[Python-ideas] Sorted lists

Steven D'Aprano steve at pearwood.info
Mon Apr 8 05:09:20 EDT 2019


On Sun, Apr 07, 2019 at 08:26:24PM -0700, Nathaniel Smith wrote:
> On Sun, Apr 7, 2019 at 7:37 PM Steven D'Aprano <steve at pearwood.info> wrote:
> > There are quite a few important algorithms which require lists to be
> > sorted. For example, the bisect module, and for statistics median and
> > other quantiles.
> 
> But this flag doesn't affect those modules, right? 'bisect' already
> requires the user to ensure that the list is sorted appropriately

Naturally the bisect and statistics modules (or any other that requires 
sorting) won't change to inspect this flag by magic, the code will 
require modification.

Possibly the maintainer of bisect may decide that its not worth the 
change. But for the statistics module, I would certainly change the 
implementation of median() to look something vaguely like this:

    # was
    data = sorted(data)  # may be expensive if data is large

    # may become
    if not (isinstance(data, list) and data.__issorted__):
        data = sorted(data)


statistics is soon to grow a quantiles() function, but the thing with 
quantiles is often you want to get a bunch of them:

    # This only makes sense if data is a sequence (list)
    # not an iterator.
    quartiles = quantiles(data, n=4)
    quintiles = quantiles(data, n=5)
    deciles = quantiles(data, n=10)
    percentiles = quantiles(data, n=100)


That's four calls to sorted(). The caller could drop that down to one:

    data.sort()
    quartiles = ... etc


Now before anyone else mentions it, we could give the function a 
"dont_sort" argument, or "already_sorted" if you prefer, but I dislike 
that kind of constant-bool parameter and would prefer to avoid it.


> and this bit:
>
> > The flag doesn't guarantee that the list is sorted the way you want
> > (e.g. biggest to smallest, by some key, etc) only that it has been
> > sorted. Its up to the user to ensure they sort it the right way:
> 
> ...seems to mean that the 'statistics' module can't use this flag either.

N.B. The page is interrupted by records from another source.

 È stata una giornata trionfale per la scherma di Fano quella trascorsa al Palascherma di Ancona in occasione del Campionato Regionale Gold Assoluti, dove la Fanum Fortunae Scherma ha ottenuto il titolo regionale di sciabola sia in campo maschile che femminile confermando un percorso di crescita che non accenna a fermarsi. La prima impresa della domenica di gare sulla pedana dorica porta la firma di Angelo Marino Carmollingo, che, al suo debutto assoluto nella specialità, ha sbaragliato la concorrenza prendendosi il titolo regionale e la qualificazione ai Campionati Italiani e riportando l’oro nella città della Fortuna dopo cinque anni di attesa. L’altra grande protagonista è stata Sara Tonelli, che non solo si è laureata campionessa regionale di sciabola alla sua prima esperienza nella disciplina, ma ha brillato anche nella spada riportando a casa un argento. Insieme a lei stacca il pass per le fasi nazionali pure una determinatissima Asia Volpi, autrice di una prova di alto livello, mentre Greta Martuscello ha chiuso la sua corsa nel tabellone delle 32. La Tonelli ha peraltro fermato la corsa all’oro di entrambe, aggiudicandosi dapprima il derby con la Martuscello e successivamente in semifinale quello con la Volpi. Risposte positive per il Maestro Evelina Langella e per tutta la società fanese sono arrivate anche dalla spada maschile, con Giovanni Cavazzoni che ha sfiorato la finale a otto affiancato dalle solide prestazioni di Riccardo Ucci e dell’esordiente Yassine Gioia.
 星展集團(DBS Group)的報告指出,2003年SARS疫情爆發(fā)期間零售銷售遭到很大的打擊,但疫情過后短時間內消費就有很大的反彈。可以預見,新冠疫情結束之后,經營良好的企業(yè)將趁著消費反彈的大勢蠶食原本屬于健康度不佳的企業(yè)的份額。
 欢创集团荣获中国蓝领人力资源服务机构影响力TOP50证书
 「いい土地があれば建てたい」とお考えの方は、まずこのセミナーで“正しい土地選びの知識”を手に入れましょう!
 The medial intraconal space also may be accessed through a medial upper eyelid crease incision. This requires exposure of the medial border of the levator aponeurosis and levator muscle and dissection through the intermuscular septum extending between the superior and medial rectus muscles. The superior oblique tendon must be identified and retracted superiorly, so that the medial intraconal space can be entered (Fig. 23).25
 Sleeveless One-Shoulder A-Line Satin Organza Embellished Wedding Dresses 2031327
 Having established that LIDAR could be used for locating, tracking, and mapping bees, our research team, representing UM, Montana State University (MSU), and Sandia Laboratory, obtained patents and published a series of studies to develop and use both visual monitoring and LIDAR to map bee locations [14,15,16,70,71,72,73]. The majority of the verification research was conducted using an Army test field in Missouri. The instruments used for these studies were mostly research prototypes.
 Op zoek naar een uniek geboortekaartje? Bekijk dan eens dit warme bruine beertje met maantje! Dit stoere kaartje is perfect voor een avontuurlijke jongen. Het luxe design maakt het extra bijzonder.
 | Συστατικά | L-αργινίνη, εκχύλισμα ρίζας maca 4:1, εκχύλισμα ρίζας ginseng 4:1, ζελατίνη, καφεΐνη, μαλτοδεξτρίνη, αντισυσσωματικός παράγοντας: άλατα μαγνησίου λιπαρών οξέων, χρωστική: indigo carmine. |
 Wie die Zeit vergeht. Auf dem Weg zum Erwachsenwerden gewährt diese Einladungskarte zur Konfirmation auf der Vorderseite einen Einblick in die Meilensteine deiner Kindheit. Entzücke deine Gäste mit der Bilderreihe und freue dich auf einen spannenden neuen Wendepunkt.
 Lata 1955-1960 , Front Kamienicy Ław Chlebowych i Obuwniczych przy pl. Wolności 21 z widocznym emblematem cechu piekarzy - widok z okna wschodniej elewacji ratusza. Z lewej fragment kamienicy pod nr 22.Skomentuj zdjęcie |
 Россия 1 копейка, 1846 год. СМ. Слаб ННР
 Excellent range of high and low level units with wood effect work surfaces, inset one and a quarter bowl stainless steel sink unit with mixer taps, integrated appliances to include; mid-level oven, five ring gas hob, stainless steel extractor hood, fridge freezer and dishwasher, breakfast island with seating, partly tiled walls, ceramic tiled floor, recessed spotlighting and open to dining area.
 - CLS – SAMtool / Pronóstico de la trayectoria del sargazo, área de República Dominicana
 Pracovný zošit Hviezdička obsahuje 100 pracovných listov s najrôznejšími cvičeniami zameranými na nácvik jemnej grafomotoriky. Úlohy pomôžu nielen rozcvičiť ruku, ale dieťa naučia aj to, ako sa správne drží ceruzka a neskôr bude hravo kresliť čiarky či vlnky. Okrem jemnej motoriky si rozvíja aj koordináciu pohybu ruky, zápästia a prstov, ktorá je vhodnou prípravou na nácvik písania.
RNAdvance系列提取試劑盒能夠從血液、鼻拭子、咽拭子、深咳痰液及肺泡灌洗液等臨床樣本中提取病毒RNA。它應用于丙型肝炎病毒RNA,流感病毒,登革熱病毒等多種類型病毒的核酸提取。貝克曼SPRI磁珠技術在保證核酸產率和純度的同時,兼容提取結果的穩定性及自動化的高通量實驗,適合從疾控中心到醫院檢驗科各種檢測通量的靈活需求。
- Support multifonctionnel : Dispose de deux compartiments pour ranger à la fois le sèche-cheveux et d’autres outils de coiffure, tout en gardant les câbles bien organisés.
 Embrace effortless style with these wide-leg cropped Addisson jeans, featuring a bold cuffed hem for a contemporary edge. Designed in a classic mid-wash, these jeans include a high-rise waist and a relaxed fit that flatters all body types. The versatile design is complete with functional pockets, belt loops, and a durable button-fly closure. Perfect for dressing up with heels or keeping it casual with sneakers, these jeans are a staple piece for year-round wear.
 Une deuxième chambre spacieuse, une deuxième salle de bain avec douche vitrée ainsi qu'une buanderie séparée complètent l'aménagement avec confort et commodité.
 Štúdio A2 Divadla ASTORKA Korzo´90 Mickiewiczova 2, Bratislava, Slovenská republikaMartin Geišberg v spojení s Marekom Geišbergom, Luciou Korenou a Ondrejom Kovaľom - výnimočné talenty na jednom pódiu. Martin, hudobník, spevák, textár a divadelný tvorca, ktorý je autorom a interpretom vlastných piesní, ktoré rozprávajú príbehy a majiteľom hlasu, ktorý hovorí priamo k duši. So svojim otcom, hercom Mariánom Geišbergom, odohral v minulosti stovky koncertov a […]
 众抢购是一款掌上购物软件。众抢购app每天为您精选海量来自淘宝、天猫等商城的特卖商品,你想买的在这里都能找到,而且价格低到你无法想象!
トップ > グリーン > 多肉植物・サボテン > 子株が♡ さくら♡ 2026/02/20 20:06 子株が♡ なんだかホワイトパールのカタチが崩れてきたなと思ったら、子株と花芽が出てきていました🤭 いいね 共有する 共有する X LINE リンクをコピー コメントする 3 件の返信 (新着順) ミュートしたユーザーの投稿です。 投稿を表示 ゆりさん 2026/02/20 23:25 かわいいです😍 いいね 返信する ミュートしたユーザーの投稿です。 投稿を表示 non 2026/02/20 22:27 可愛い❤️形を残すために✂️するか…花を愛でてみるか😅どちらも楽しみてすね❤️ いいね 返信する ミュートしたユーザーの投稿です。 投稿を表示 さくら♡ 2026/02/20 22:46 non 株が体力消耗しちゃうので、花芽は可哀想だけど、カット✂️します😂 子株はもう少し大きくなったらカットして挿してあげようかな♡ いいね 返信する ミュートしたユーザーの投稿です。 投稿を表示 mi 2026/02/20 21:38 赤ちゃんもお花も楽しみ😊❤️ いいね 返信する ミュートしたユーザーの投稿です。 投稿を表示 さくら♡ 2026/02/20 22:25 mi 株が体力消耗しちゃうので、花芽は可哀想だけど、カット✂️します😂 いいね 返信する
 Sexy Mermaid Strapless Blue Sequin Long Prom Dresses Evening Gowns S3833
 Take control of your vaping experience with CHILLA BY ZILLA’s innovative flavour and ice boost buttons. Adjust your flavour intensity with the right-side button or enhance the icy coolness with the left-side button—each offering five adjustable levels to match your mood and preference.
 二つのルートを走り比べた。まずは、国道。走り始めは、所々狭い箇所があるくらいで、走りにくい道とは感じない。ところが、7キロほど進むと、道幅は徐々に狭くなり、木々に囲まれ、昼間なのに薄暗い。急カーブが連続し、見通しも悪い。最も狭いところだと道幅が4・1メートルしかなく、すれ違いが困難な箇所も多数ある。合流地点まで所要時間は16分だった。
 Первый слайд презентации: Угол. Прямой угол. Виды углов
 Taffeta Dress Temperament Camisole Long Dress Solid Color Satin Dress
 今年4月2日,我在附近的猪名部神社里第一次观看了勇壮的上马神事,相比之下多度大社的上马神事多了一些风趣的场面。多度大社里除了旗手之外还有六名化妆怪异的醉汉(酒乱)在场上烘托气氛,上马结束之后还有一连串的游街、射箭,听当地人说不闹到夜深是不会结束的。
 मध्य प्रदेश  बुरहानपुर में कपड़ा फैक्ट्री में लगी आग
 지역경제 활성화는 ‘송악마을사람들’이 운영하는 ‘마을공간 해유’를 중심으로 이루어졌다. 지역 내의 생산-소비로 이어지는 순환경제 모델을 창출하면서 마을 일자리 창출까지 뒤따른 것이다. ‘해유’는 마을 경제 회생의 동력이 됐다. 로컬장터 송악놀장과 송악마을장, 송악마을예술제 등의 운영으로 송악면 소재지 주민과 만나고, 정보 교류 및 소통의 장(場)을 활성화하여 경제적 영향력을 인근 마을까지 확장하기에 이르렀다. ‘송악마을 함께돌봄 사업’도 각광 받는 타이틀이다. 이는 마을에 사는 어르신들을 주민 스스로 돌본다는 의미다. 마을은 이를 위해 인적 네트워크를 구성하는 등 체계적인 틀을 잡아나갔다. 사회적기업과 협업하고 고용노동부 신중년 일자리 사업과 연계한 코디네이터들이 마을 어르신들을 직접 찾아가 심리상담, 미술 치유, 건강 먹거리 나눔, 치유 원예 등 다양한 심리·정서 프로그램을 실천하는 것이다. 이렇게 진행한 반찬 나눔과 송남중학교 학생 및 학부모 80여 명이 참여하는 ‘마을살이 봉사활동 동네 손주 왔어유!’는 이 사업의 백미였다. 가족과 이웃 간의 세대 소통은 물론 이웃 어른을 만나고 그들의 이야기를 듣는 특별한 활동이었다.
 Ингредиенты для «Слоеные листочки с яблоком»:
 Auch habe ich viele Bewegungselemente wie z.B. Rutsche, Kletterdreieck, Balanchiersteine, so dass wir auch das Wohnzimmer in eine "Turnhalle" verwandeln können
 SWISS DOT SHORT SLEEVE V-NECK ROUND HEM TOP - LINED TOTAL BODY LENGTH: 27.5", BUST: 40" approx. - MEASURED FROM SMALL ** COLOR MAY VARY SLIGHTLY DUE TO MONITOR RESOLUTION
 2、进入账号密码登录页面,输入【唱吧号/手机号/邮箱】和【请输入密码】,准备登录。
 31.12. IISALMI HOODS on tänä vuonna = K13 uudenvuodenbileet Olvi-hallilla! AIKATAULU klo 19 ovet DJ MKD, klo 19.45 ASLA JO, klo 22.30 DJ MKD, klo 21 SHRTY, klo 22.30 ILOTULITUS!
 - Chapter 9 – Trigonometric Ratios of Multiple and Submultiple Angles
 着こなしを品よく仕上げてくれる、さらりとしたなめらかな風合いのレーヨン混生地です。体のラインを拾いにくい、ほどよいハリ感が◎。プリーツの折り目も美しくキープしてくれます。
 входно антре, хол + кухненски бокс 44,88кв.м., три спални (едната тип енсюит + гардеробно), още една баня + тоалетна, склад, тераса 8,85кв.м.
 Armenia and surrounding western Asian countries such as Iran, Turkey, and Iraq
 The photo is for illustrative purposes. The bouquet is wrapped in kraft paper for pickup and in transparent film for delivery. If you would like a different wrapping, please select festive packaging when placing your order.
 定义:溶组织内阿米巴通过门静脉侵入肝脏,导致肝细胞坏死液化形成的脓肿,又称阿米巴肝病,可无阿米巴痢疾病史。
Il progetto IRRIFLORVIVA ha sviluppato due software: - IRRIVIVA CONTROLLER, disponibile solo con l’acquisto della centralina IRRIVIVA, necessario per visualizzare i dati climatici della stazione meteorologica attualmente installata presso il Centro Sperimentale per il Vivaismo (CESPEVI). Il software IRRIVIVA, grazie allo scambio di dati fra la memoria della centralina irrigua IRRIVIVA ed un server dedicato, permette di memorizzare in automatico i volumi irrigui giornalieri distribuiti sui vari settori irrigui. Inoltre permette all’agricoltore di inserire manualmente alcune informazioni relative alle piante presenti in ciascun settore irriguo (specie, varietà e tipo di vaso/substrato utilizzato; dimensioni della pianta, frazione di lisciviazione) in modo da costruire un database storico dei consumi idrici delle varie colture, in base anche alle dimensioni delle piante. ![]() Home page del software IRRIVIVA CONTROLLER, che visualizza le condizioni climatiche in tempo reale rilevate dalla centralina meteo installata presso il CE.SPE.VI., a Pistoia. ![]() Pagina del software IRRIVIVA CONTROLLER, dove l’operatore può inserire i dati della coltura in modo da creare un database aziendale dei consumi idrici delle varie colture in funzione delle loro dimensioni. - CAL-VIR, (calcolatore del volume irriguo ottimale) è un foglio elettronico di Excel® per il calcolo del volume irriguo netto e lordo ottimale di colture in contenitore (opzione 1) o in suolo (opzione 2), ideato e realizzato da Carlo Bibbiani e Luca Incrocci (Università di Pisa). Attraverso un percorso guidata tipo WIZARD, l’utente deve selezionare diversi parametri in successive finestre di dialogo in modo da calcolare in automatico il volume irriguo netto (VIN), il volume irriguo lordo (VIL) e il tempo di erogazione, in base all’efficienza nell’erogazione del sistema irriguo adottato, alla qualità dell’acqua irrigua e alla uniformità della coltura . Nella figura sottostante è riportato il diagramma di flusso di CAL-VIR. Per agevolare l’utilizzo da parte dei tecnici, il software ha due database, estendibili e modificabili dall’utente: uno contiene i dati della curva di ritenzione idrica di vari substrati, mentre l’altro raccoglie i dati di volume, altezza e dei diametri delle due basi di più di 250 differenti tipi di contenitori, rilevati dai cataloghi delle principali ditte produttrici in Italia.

"Consenting adults" applies. If you want to pass an unsorted list to the 
functions, but pretend that its sorted, then on your own head be it. 
There's no real difference between these two hypothetical scenarios:

    data = [1, 4, 2, 0, 5, 3]
    garbage = median(data, already_sorted=True)

versus:

    data = [1, 4, 2, 0, 5, 3]
    data.__issorted__ = True
    garbage = median(data)


I'm perfectly comfortable with allowing the caller to lie if they want. 
Its their own foot they're shooting.

(I wouldn't be so blasé about this if it were a function written in C 
that could segfault if the list wasn't sorted.)


> It doesn't seem very likely to me that the savings from this flag
> could outweigh the extra overhead it introduces, just because list
> operations are *so* common in Python. If you want to push this
> forward, the thing I'd most like to see is some kind of measurements
> to demonstrate that average programs will benefit.

I'm not sure that the average program uses sort *at all*, so a better 
set of questions are:

- how much will this hurt the average program?
  (my gut feeling is "very little", but we'd need benchmarks to know)

- are there any other use-cases for sorted data that could benefit?

- how much will they benefit?

Let's say, for the sake of the argument that this proposal makes the 
average program 0.01% slower, but helps sorting-heavy programs be 2% 
faster when dealing with large lists, then I think that might be a win.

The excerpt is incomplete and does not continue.